- [What is expected]:
Your response should consist solely of the lines from the one containing "Karahayit liegt circa" through the final line of the entries, repeated exactly.

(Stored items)
§ §

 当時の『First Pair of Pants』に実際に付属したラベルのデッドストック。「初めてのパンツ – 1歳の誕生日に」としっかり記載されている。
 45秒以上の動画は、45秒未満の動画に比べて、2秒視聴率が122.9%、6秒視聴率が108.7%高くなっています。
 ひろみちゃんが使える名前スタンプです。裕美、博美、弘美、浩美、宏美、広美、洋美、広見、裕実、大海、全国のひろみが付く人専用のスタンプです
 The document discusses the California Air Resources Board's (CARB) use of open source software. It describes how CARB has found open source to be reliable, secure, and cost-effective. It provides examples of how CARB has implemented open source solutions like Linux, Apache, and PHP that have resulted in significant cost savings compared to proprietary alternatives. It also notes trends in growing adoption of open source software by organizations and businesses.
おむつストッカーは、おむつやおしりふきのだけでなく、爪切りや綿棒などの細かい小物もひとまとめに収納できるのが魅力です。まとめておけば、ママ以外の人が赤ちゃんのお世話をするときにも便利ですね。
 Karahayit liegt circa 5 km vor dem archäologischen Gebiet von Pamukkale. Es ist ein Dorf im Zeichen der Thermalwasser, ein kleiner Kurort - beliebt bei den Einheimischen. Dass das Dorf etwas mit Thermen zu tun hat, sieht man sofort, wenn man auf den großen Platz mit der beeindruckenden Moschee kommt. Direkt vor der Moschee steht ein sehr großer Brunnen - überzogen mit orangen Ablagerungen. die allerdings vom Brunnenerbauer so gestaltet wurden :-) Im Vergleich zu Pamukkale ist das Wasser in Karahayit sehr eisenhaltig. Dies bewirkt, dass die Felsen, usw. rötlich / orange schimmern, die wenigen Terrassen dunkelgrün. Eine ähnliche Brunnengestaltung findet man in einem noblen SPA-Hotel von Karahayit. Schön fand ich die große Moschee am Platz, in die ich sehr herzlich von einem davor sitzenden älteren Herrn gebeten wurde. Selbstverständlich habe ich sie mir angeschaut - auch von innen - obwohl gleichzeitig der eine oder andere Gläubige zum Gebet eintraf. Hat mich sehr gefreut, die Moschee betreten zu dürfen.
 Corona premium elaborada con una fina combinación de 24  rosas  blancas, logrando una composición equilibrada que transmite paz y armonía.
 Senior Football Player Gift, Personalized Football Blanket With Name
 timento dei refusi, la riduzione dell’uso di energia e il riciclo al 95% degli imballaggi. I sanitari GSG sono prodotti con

§ §

- [Solution to the exercise]:
 Karahayit liegt circa 5 km vor dem archäologischen Gebiet von Pamukkale. Es ist ein Dorf im Zeichen der Thermalwasser, ein kleiner Kurort - beliebt bei den Einheimischen. Dass das Dorf etwas mit Thermen zu tun hat, sieht man sofort, wenn man auf den großen Platz mit der beeindruckenden Moschee kommt. Direkt vor der Moschee steht ein sehr großer Brunnen - überzogen mit orangen Ablagerungen. die allerdings vom Brunnenerbauer so gestaltet wurden :-) Im Vergleich zu Pamukkale ist das Wasser in Karahayit sehr eisenhaltig. Dies bewirkt, dass die Felsen, usw. rötlich / orange schimmern, die wenigen Terrassen dunkelgrün. Eine ähnliche Brunnengestaltung findet man in einem noblen SPA-Hotel von Karahayit. Schön fand ich die große Moschee am Platz, in die ich sehr herzlich von einem davor sitzenden älteren Herrn gebeten wurde. Selbstverständlich habe ich sie mir angeschaut - auch von innen - obwohl gleichzeitig der eine oder andere Gläubige zum Gebet eintraf. Hat mich sehr gefreut, die Moschee betreten zu dürfen.
 Corona premium elaborada con una fina combinación de 24  rosas  blancas, logrando una composición equilibrada que transmite paz y armonía.
 Senior Football Player Gift, Personalized Football Blanket With Name
 timento dei refusi, la riduzione dell’uso di energia e il riciclo al 95% degli imballaggi. I sanitari GSG sono prodotti con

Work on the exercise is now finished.